The process itself is not using 6gb of ram but the group of 6 or so processes that the program spawns use up the 6gb and from the looks of it. very little (100-200mb) is swapped and looking at the meminfo only about 200mb is cached. The rest is all active. BTW the server has 8 processors and they all stay about 60% util.
Brian
sorry about that. Let me go
sorry about that. Let me go into a little more detail. The program spawns mulitple processes that all do different things. From logging 700+ devices, polling 6k+ vpn tunnels, writing to the database, backing up any device any time there is a change, manageing users, etc. I can like the program does a hell of a lot of things. The main server we run it on is 8x processors with 16gb of ram and it uses 12 or so Gb of ram. The server we have the issue with is the backup server. The program can run fine for months as long as we dont replicate the database. When it is running we have about 150mb free ram and about 100mb cached in meminfo (not including the swap). only we turn on the other server and they begin to talk it starts to copy the database and about 1/2 way through we get the "could not allocate memory" error. The database is about 9Gb.

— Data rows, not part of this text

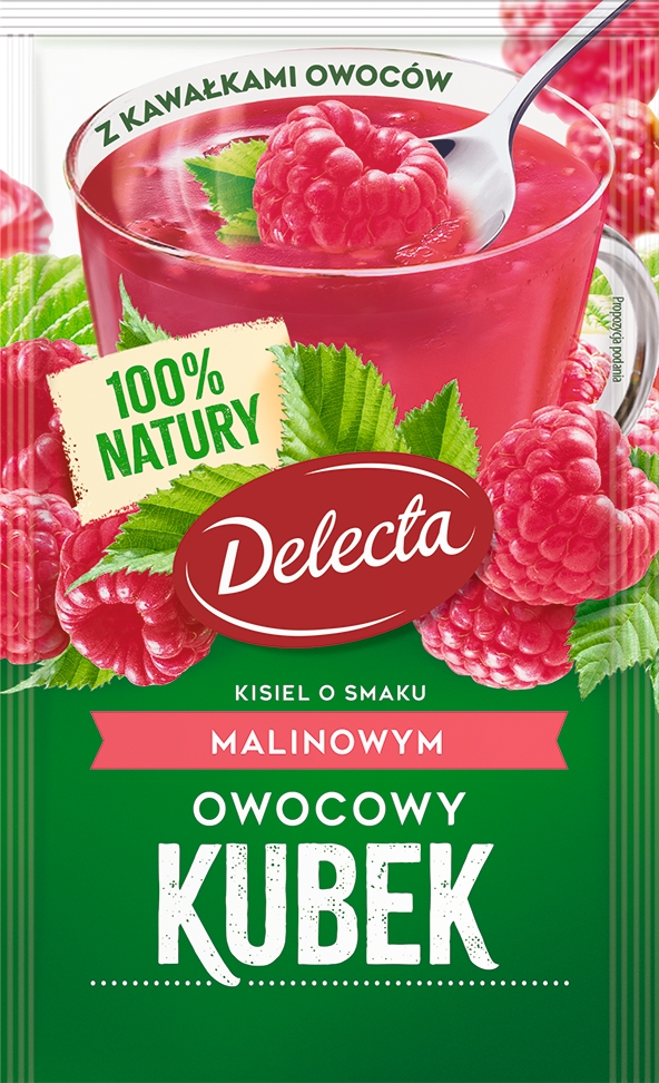 Kisiel Instant Owocowy Kubek malinowy Delecta 30g z kawałkami owoców
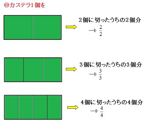 まずは、1を分数で表すとどうなるのか考えてみましょう。
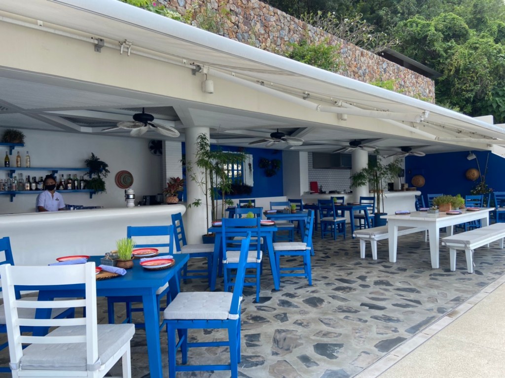ตรงข้างสระว่ายน้ำนี้ มีอีกหนึ่งห้องอาหาร คือห้องอาหาร Azure บรรยากาศดี เชฟแนะนำให้มาทานเป็นมื้อเย็น ชมพระอาทิตย์ตกไปด้วย อิ่มท้องไปด้วย ห้องอาหารตกแต่งโทนฟ้า ขาว อาหารเน้นเป็นแนวสเต๊ก
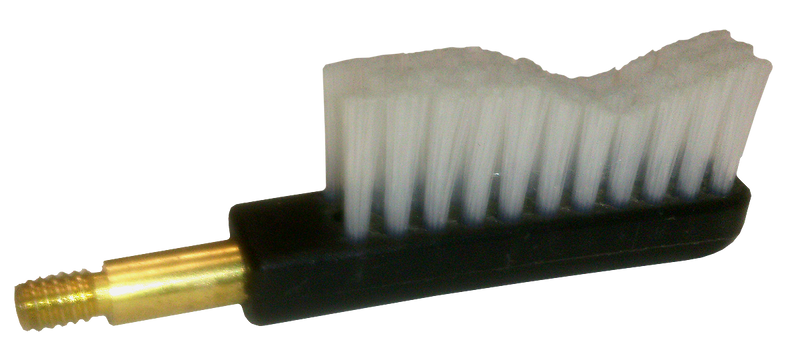 Universal multi-caliber gun brush with nylon bristles designed to remove carbon, lead, plastic fouling, and powder residue from firearm bores. Features a #8-32 thread connection for compatibility with standard cleaning rod systems. Includes nylon and plastic construction for effective yet non-abrasive cleaning.
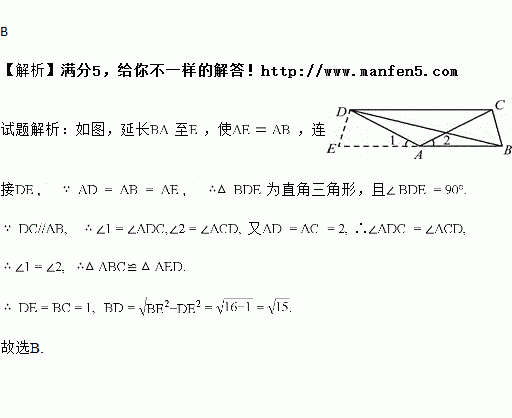 如图所示,四边形ABCD中,DC∥AB,BC=1,AB=AC=AD=2.则BD的长为( )
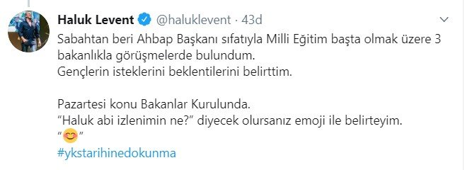 AHBAP’ın kurucusu Haluk Levent, öğrencilerin Yüksek Öğretim Kurumları Sınavı’nın (YKS) erkene alınmaması talebi ile ilgili Milli Eğitim Bakanlığı ile görüşme gerçekleştirdiğini açıkladı.İZLENİMİ OLUMLUKonuyla ilgili sosyal medyadan bir açıklama yapan Levent, “Sabahtan beri ahbap Başkanı sıfatıyla Milli Eğitim başta olmak üzere 3 bakanlıkla görüşmelerde bulundum. Gençlerin isteklerini beklentilerini belirttim.Pazartesi konu Bakanlar Kurulu’nda. ‘Haluk abi izlenimin ne?’ diyecek olursanız emoji ile belirteyim: :)
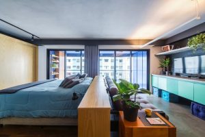 O charme desse trecho está no colorido da marcenaria, laqueada com três nuances de verde, pensadas para fazer par com o azul maciço do terraço, parte da fachada do prédio. “A ideia era proporcionar uma linguagem contínua. Num imóvel compacto, é melhor evitar muitos elementos diferentes”, ensina Zé Guilherme. Essa uniformidade é reforçada pelo cinza, onipresente no revestimento cimentício do chão ao teto. Como terceiro material, surge a acolhedora madeira: o pínus foi a espécie escolhida para compor o guarda-roupa, volume de destaque na face oposta, na ala do dormitório.
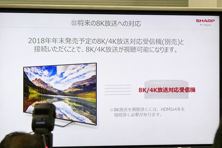 今回発表された「LC-70X500」は、先に発売された法人向け(BtoB)モデル「LV-85001」「LV-7002」とは異なり、世界初の家庭用8K対応液晶テレビとなる。TVチューナーは、地上/BS/110°CSデジタルに対応するチューナーを3基搭載。2018年12月開始予定の8K実用放送に合わせて発売予定という「8K/4K放送対応受信機」(別売)を組み合わせることで、8K実用放送の視聴にも対応する。
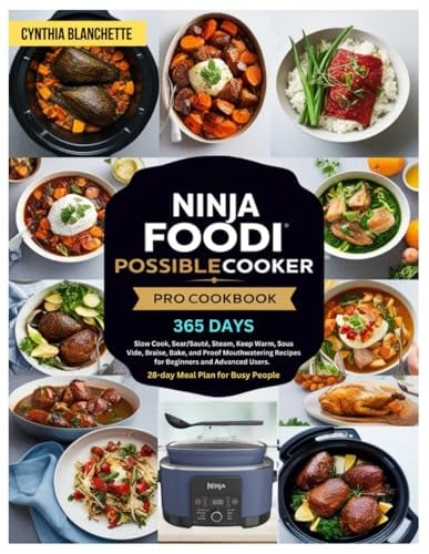 Ninja Foodi PossibleCooker PRO Cookbook: 365 Days to Slow Cook, Sear/Sauté, Steam, Keep Warm, Sous Vide, Braise, Bake, and Proof Mouthwatering Recipes ... With a 28-day Meal Plan for Busy People.
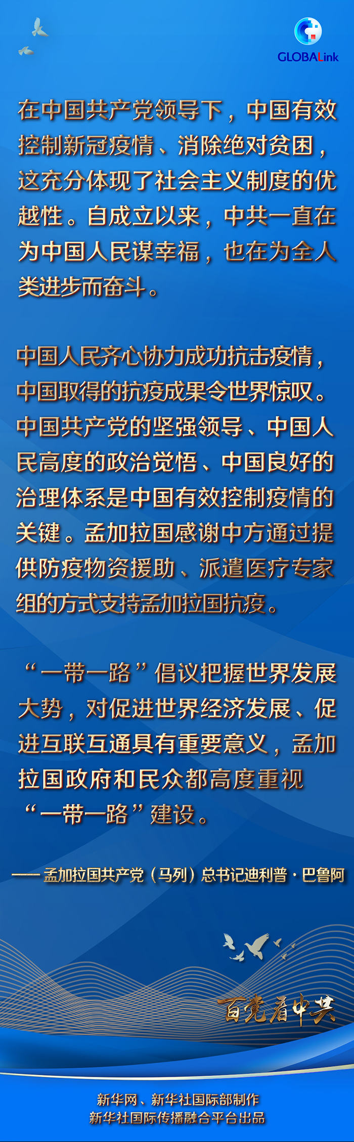巴魯阿表示,百年來,中國共產(chǎn)黨根據(jù)本國國情不斷繼承和發(fā)展馬克思主義,并在這一過程中實現(xiàn)發(fā)展壯大。孟加拉國共產(chǎn)黨(馬列)與中國共產(chǎn)黨保持著兄弟般的關(guān)系。1976年以來,兩黨經(jīng)常派遣代表團互訪。訪問中國期間,中國共產(chǎn)黨的干部給他留下了深刻印象。巴魯阿說:“他們責任感強、熱情友好、理論經(jīng)驗豐富。在交流中,我們真切感受到,中共在建設(shè)中國特色社會主義道路上不斷前進,這讓人欽佩、印象深刻?!?/p>
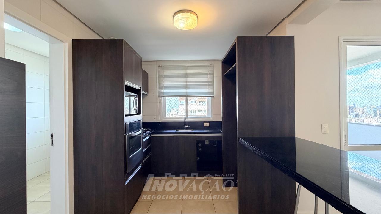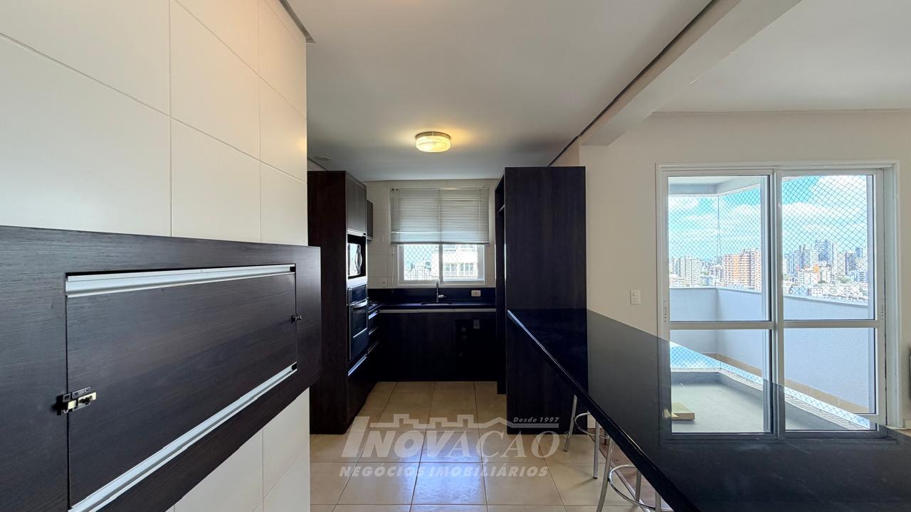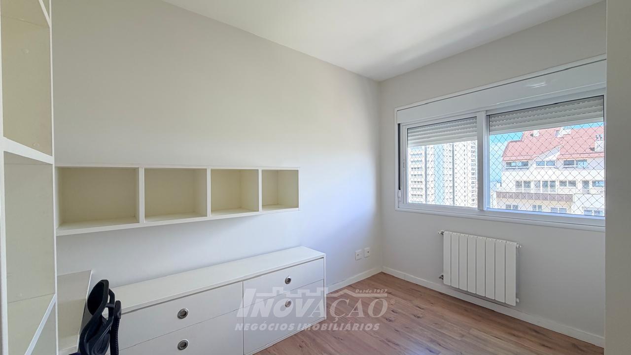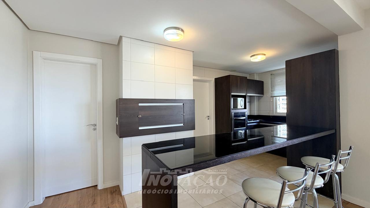 Imobiliária Inovação aluga apartamento de alto padrão, com 154m² de área privativa e 194m² de área total, projetado para oferecer conforto, sofisticação e funcionalidade em cada detalhe. O imóvel conta com 3 dormitórios, todos suítes, garantindo privacidade e comodidade para toda a família. A sala ampla para três ambientes, integrada à sacada, proporciona excelente iluminação natural e um espaço ideal para receber convidados ou desfrutar momentos em família. A cozinha é bem distribuída e funcional, conectada à churrasqueira, perfeita para confraternizações. Dispõe ainda de área de serviço independente e banheiro social. Possui vaga de garagem para 2 veículos e espera para calefação, agregando conforto térmico e praticidade. O condomínio oferece infraestrutura completa, com vigilância 24 horas, salão de festas, academia equipada, playground e brinquedoteca, proporcionando segurança, lazer e qualidade de vida em um único endereço.
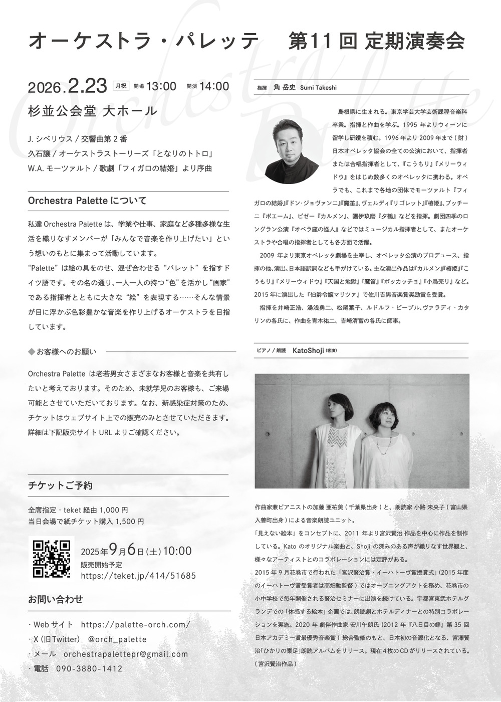誰もが聞いたことのある「となりのトトロ」をはじめ、シベリウスの「交響曲第2番」、モーツァルト「フィガロの結婚」より序曲といった物語のある曲でプログラムを構成しています。ぜひ会場でお楽しみいただければ嬉しいです!
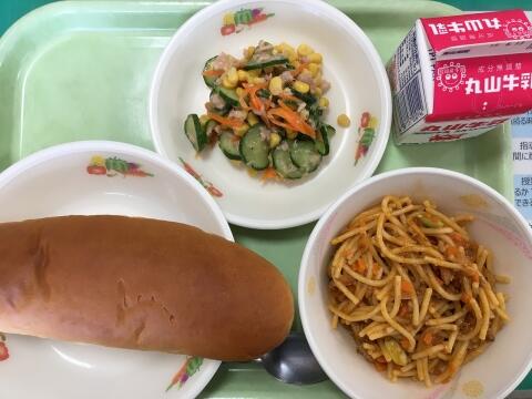 6/6 ミニ黒糖パン 牛乳 スパゲッティミートソース コーンサラダ
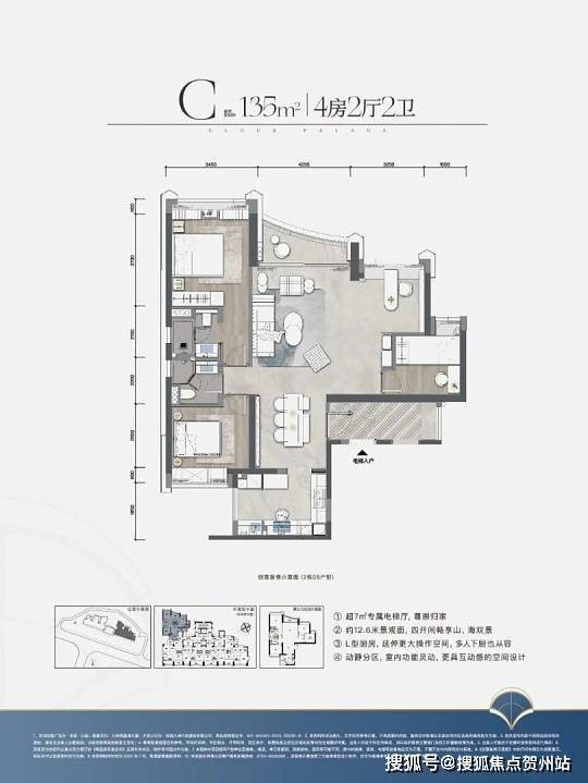 户型与得房率:主力户型为 111-139㎡三至四房一线海景户型,均带精装交付,适配高端改善与海景需求群体。户型亮点鲜明:111㎡正南向一线海景三房,6 米景观阳台,主卧套间设计,全明格局;123㎡南向海景三房,双阳台设计,主卧带 270° 环幕观景窗;135㎡一线山海景四房,户型方正,部分带 270° 环幕阳台;139㎡东边位楼王,双海景视野,专梯入户,奢华主卧套间 + 步入式衣帽间。得房率方面,官方未公开确切数据,市场专业评估实际得房率约 78%-82%,四梯五户设计保障公共空间宽敞,部分户型通过阳台、飘窗等赠送面积,实际使用面积可大于建筑面积。高清户型图可通过售楼处(400-079-2015)
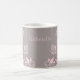 Sweet and dainty Butterfly Floral Mug with a muted dusty grey background and light pink butterflies and floral vine embellishments. This elegant floral mug is perfect for drinking your favourite hot beverage with a dash of girly flair. Easy to customise, simply add the personalised text of your choosing in the text fields provided. Click on the "Customise It" button to find additional personalisation options.
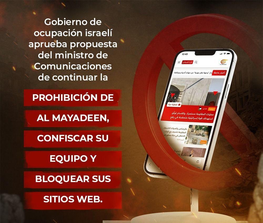 En noviembre de 2023, el Gabinete de Seguridad israelí aprobó la suspensión de Al Mayadeen en la Palestina ocupada, tras una declaración conjunta del ministro de Seguridad de la Ocupación, Yoav Galant, y el ministro de Comunicaciones, Shlomo Krai, que atribuyeron la razón de la prohibición al hecho de que Al Mayadeen perjudica “la seguridad de Israel”.

hope this helps a little more
Sounds like hitting the 32-bit limit to me
From what you're describing, there's no memory shortage (swap + buffers + cache + free is much greater than 0). I'd suspect that the replication process is trying to use more than 3GB of address space (a limit you can easily hit by allocating 2GB in chunks via malloc). The only fix for this is to rewrite the program to not allocate huge amounts of address space, or to go to 64-bit processes (not just kernel, but user process as well).
Assuming the process doesn't die when it hits this limit, you can check by looking at the virtual memory allocated by it (top will show you this in the VIRT column); if it's more than 1GB (1024MB), you're probably not out of memory total, but only out of address space for the process.
Linux is a paged system, so as long as there is free address space and memory, allocations will succeed (for user programs - kernel has other limits, such as needing contiguous physical pages).
You need to go to the program author, and get them to fix things, or to supply you a 64-bit version, which can allocate lots of memory before running out of address space (on this laptop CPU, I have 48 bits available for virtual addresses, so even with the way Linux splits that, I'm still able to allocate terabytes in one process).
Overcommit
It sounds like a difference in overcommit modes, really. I don't know specifically what HA is or implies (some sort of high availability mode?), but I imagine enabling it disables overcommit.
(I guess it makes sense to disable overcommit in a HA mode, the idea being that once you've qual'd a system with overcommit disabled, you know you won't get a surprise OOM because a task decided to fault in a larger portion of its allocation.)
If it is indeed the case that HA disables overcommit, then probably what's happening is that there's a bunch of allocated memory that's not being used and therefore shows up as "free." When the DB asks for more, it gets told no, leading to problems. If the DB is scaling its memory requests based on what it perceives to be the available memory, then you'll always have a problem no matter what, since it seems it's scaling its requests in a manner that assumes overcommit.
I believe there's a /proc entry that indicates and controls whether the kernel permits overcommit. I'd go look for it and check it. Perhaps you can disable strict allocations (no overcommit) while replicating the database and reenable it afterwards?